A-Mei singles chronology
| "A Bloody Love Story" (2015) | "Shouldn't Be" (2016) | "Story Thief" (2017) |

Music video
- "Shouldn't Be" on YouTube

= Shouldn't Be =

"Shouldn't Be" (Chinese: 不該; Bù Gāi) is a song by Taiwanese recording artists Jay Chou and A-Mei. It was first released on June 17, 2016, for digital consumption as the lead single for Chou's fourteenth studio album, Jay Chou's Bedtime Stories (2016), under JVR Music. The duet was written by Chou's frequent collaborator Vincent Fang, whilst production was handled by Chou. "Shouldn't Be" serves as the opening theme for the Chinese television drama Ice Fantasy (2016), which was broadcast by Hunan Broadcasting System. The song was included on the drama's official soundtrack.

Musically, "Shouldn't Be" is a pop ballad that incorporates the use of synthesizers in the post-chorus. Its production utilizes instrumentations of the piano, violin, and drums, while its lyrical content discusses pain associated with lost love and the separation of lovers.

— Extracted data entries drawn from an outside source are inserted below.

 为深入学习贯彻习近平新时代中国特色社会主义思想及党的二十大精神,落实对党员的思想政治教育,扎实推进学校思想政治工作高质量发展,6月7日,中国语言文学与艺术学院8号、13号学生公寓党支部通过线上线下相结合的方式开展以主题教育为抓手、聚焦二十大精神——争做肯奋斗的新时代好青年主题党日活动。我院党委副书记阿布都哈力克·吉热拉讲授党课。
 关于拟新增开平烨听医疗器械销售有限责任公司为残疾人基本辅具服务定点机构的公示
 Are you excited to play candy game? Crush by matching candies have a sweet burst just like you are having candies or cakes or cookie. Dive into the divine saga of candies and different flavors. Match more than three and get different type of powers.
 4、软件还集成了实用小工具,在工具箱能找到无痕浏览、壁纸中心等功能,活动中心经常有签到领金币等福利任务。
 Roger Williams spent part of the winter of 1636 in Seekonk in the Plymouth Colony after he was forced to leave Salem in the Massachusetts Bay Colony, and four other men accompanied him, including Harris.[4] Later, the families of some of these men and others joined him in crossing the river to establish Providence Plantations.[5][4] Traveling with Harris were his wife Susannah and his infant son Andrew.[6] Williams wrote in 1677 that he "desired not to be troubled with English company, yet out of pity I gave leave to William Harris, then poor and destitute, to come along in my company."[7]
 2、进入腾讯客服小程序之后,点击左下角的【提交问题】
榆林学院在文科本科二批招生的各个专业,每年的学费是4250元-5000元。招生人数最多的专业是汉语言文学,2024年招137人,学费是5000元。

The song received positive reviews from music critics, who praised the vocal performance of both singers as well as the production of the track.

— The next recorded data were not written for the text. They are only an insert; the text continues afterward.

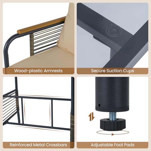 - 【Comfortable Seating】Equipped with soft and thick cushions, this patio furniture set provides exceptional comfort, allowing you to relax for hours. Plus, the seat cushion covers are removable for easy cleaning.
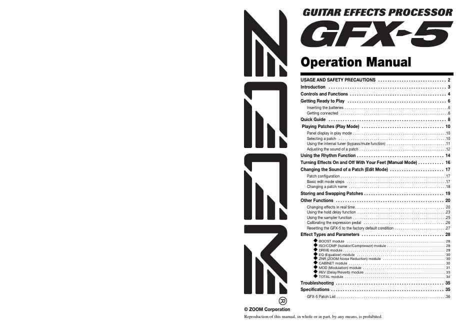 ZOOM GFX-5 GUITAR EFFECTS PROCESSOR 操作手册.pdf
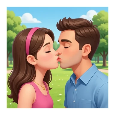 A girl 16 years old , and guy a 20 years old kisses in park emoji
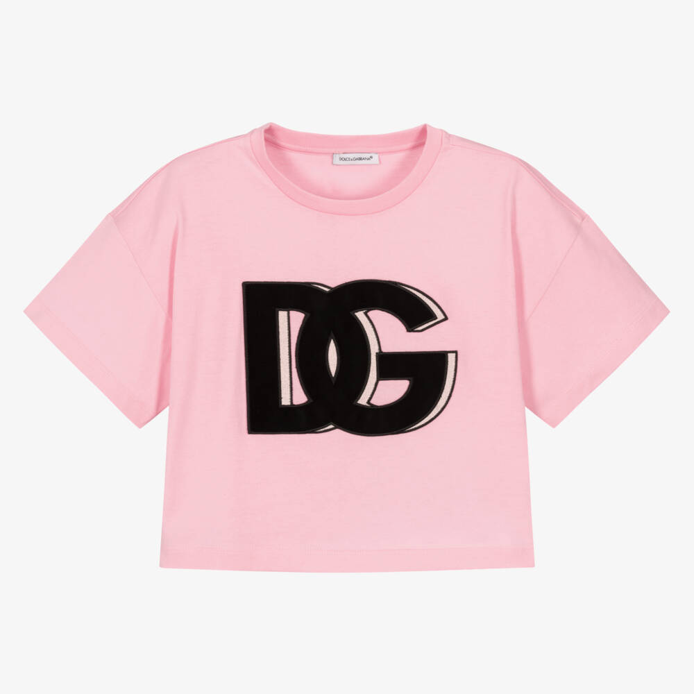 Blossom pink T-shirt for girls by Italian luxury brand Dolce & Gabbana, made from soft cotton jersey. In a boxy shape, it has a crossover DG logo appliqué on the chest, made to look three-dimensional with a black velvet front, an embroidered black outline and a light pink layer behind. It is designed with a ribbed crew neck and dropped shoulders, creating a cool and casual look.
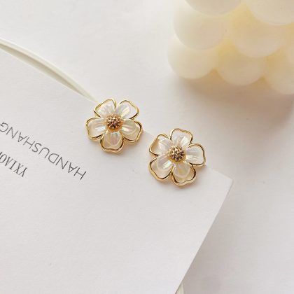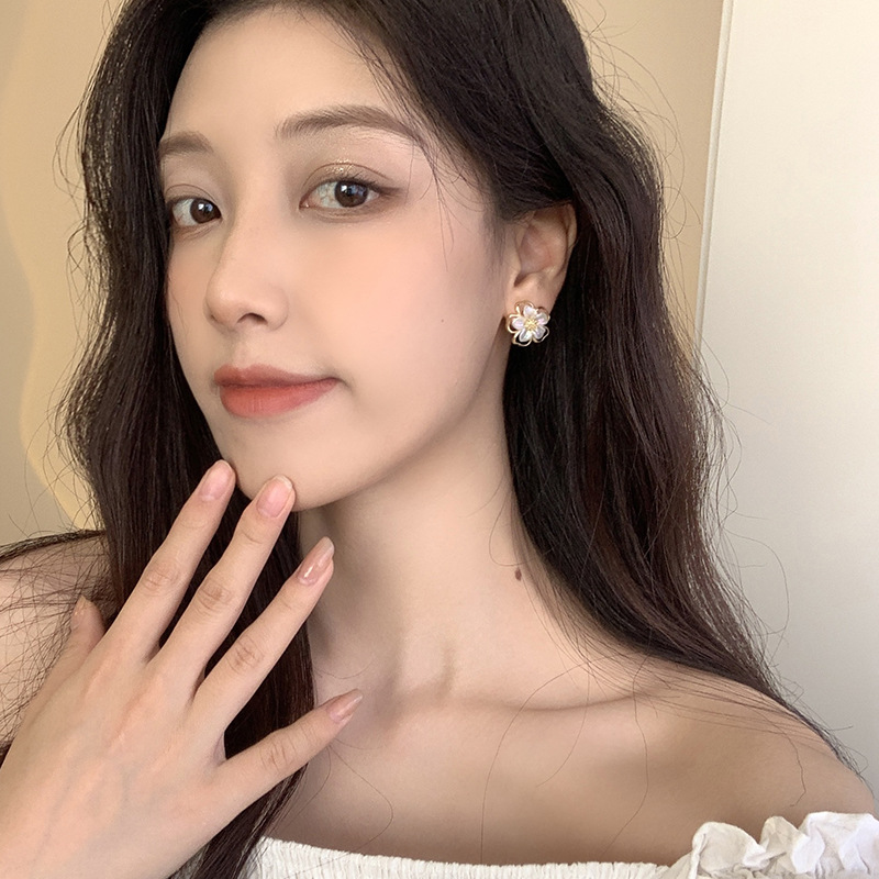 Girl Super Fairy Flower Earrings Sweet Cute Mori Earrings Temperament All-match Earrings Mosquito Incense Plate Ear Clip
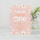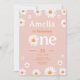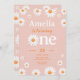 ¡Celebra el primer cumpleaños de tu pequeña con esta adorable invitación temática de margarita! El estilo es un poco ruidoso / hippie y cuenta con un fondo rosa rubor, fuentes retro lúdicas y una salpicadura de flores blancas bonitos.
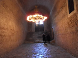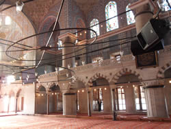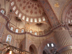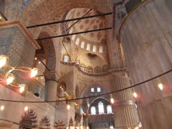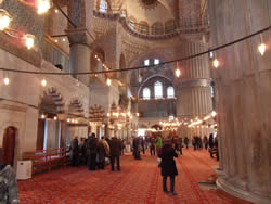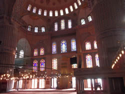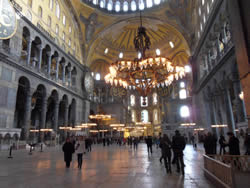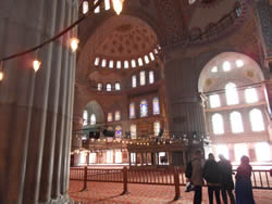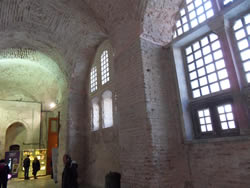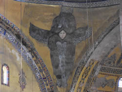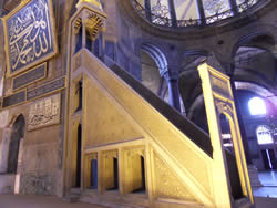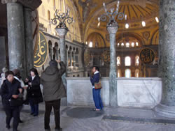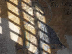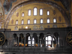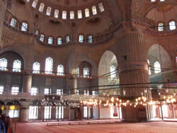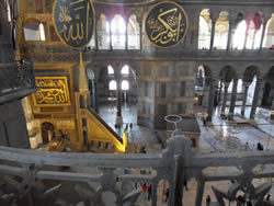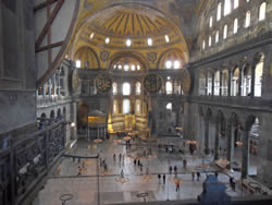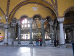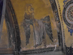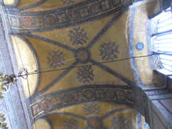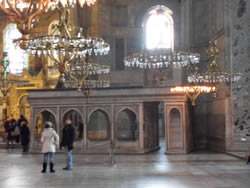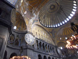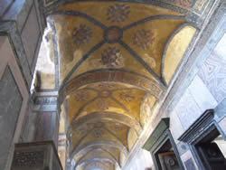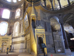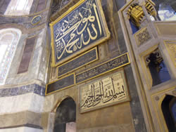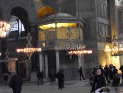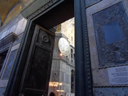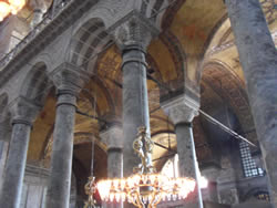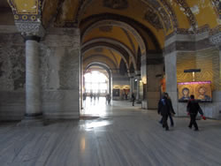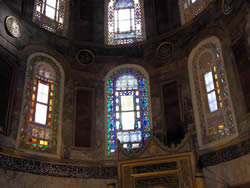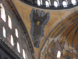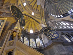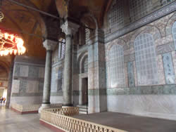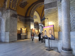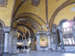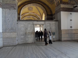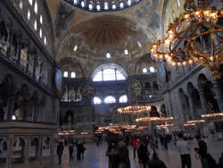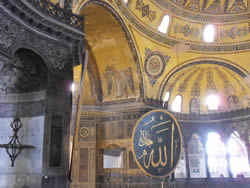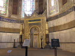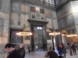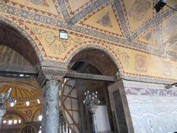 As one initially enters the great entrance hall the extravagance and wealth put into this place of worship is evident. The entrance to the main section is via the Imperial Door, bordered with religious mosaics. Once in the main hall, the contrast or confusion of Christian and Muslim believe is evident all around, the Christian, predominantly uncovered during recent renovation
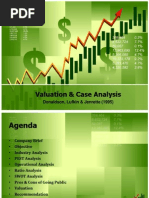 Donaldson, Lufkin & Jenrette, Inc. (DLJ) grew in a single generation from its founding to become one of the top ten U.S. investment-banking firms. DLJ also trades on its own account as a merchant banker. A holding company, DLJ also acts as a full-service securities broker, managing assets, clearing transactions, and providing financial research and advice as well as trust services to its clients. In 1995 one survey ranked DLJ second among 19 firms in the quality of its research. In 1996 it was rated as the leading underwriter of high-yield bonds and fourth as lead underwriter of domestic public issues. Although publicly traded, DLJ was 80 percent owned by The Equitable Cos. Inc. in 1997. William H. Donaldson and Dan W. Lufkin were former Yale and Harvard Business School classmates who were rooming together while working on Wall Street in 1959, when they decided to go into business for themselves as analysts researching stocks. They asked a colleague, Richard H. Jenrette-also a Harvard Business School classmate--to join them and raised $500,000 to $600,000 in startup cash and collateral, buying a seat on the New York Stock Exchange and opening a small office with a staff of three. "There wasn't much downside risk since we were all bachelors," Jenrette later recalled, "and we weren't earning that much, no more than $7,000 or $8,000 a year." Each brought distinct skills to the partnership: the dynamic Lufkin excelled at recruiting clients, Donaldson was the "deal" man, and Jenrette gravitated toward administration while also heading a small investment-counseling unit. In 1962, however, Donaldson took over investment banking and administration while Jenrette became head of research. The partners sought as clients - institutional investors such as banks, mutual and pension funds, and insurance companies, rather than the general public. They made their early reputation with reports on small but promising growth companies for which they hoped to be repaid in brokerage commissions. A survey of DLJ's 51 basic recommendations during 1960-63 found it beating the Dow Jones industrial average by more than 50 percent, at least according to the firm's own reckoning. Most of its buy recommendations were companies with new products or services. By 1964, the firm had established a corporate pension-fund department and was targeting wealthy individual investors. It also entered investment banking by placing $10 million in debentures for companies and setting up a merger between W.R. Grace & Co. and DuBois Chemicals. In 1967, DLJ made the largest single transaction ever in dollar value on the New York Stock Exchange--a $22.55-million trade of Harvey Aluminum Inc. common stock. Then, in 1970, DLJ shook up the financial establishment by becoming the first New York Stock Exchange member to offer its equity securities to the public, in contravention of the exchange's regulations. The firm, which raised about $11 million in this manner, established a holding company that was exempted from the stock exchange's restraints on member firms. Going public also allowed DLJ to acquire an assortment of firms unrelated to its core business, such as the pollster Louis Harris & Associates, Inc. and Meridian Investment and Development Corp., a home builder. The three partners remained the firm's largest single stockholders. # Valuation & Detailed Analysis of Donaldson, Lufkin & Jenrette (DLJ) # Page | 9

Commercially, the song charted at number 19 on the Singapore Regional chart in 2018. An accompanying music video for "Shouldn't Be" features actor Edison Huang cloning himself in an attempt to remain with his lover, while Chou and A-Mei sing the track amid a futuristic set. During Chou's The Invincible World Tour in October 2017, A-Mei and Chou delivered a performance of the song; A-Mei surprised the audience by appearing at Chou's final show in Taipei, where both artists performed "Shouldn't Be".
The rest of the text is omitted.